**What to produce**
After locating the line that bears "鞍ヶ池公園では、トランポリン", restate word for word that line and the rest of the listing to its final line, excluding all pictures.

**Supplied material**

══════

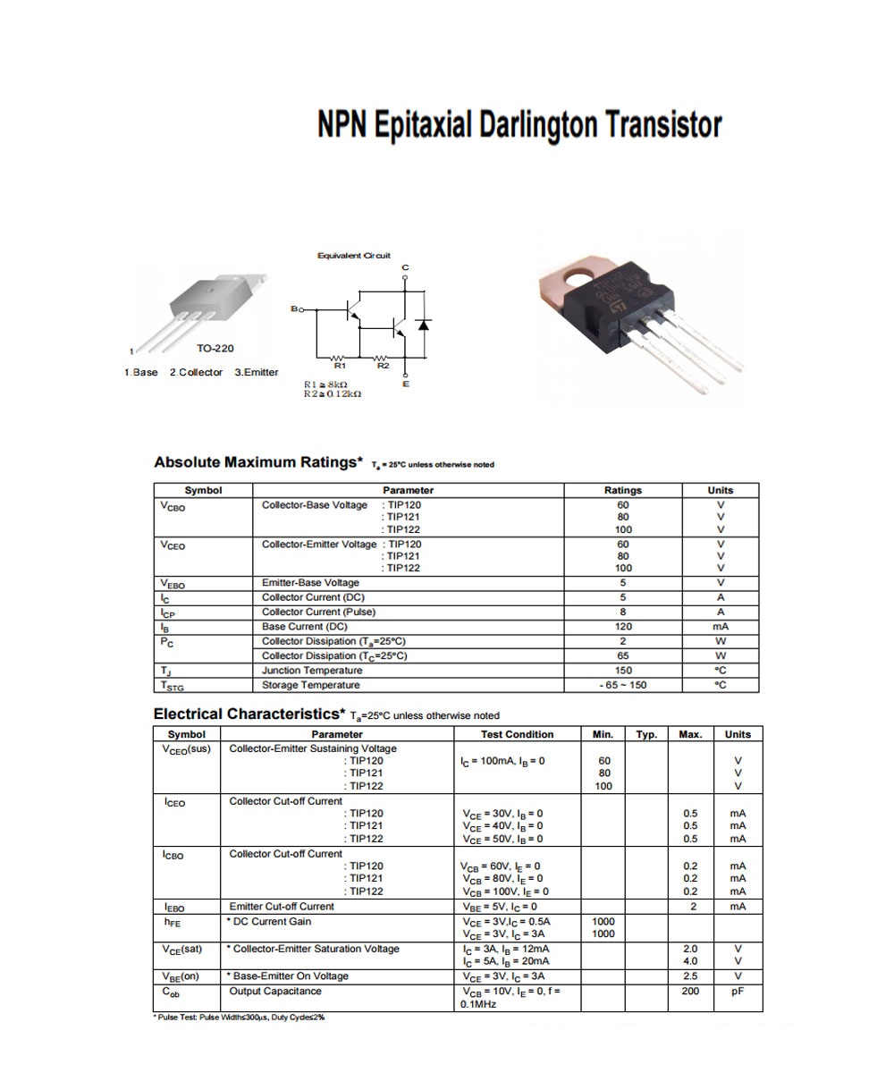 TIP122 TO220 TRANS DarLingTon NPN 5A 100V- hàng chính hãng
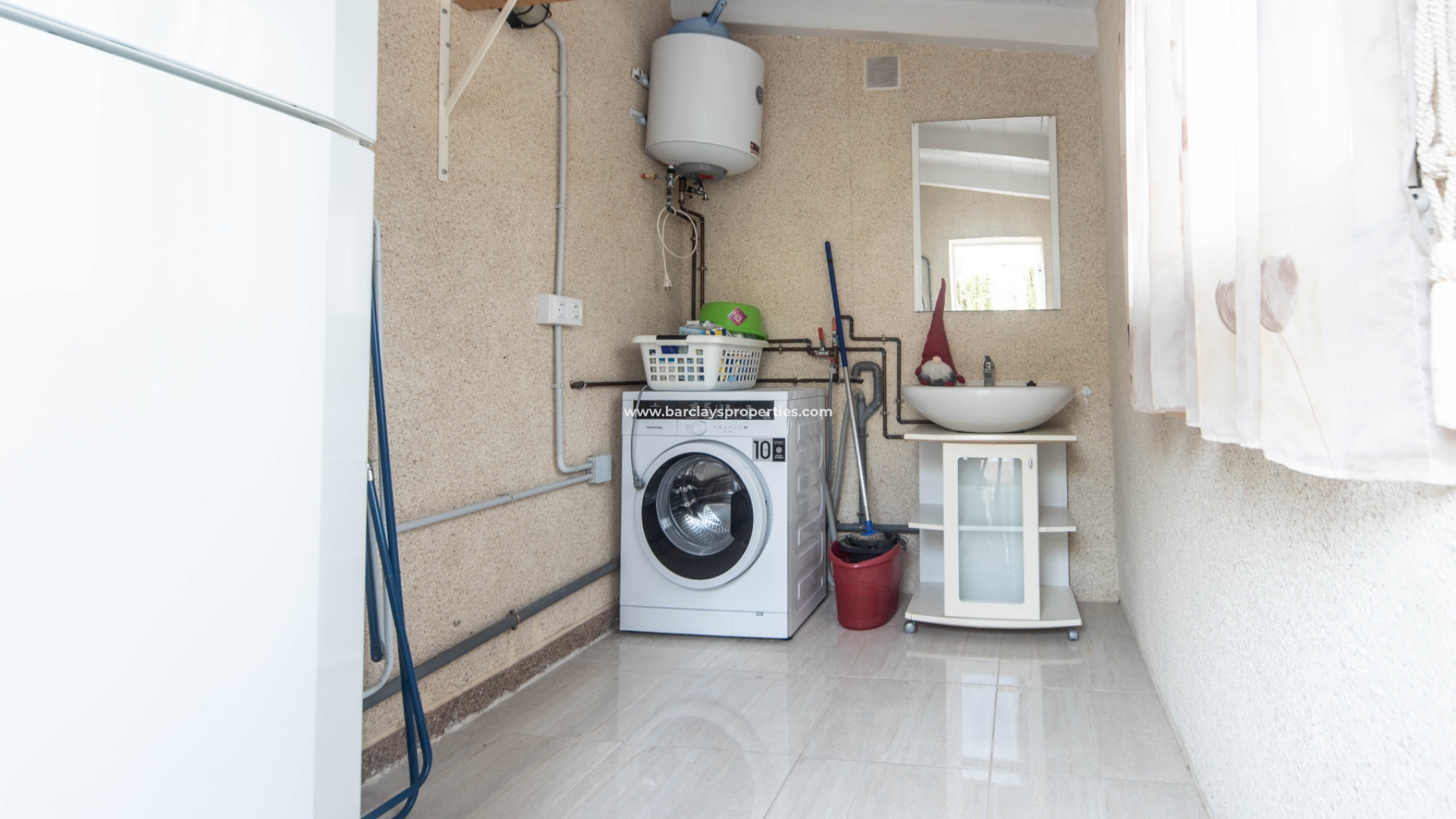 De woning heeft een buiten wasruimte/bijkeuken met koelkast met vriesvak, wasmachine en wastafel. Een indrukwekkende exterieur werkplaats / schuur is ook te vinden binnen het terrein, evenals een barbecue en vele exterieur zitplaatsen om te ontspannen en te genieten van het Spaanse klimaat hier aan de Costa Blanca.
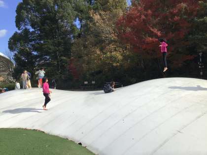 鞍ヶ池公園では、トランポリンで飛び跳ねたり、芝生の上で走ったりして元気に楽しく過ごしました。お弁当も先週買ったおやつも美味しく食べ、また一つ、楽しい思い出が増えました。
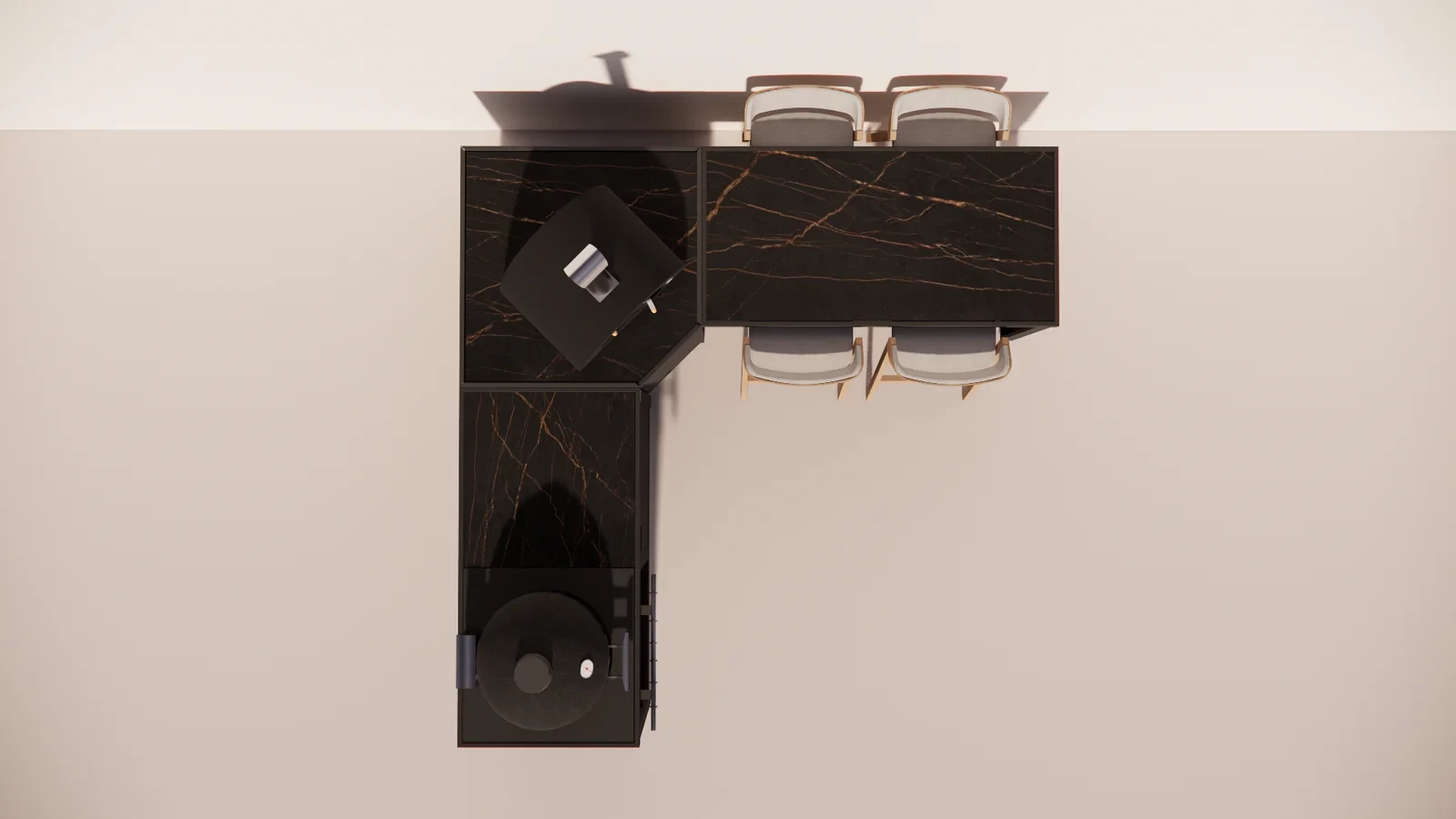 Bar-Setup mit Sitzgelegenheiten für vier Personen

══════

**Expected answer**
 鞍ヶ池公園では、トランポリンで飛び跳ねたり、芝生の上で走ったりして元気に楽しく過ごしました。お弁当も先週買ったおやつも美味しく食べ、また一つ、楽しい思い出が増えました。
 Bar-Setup mit Sitzgelegenheiten für vier Personen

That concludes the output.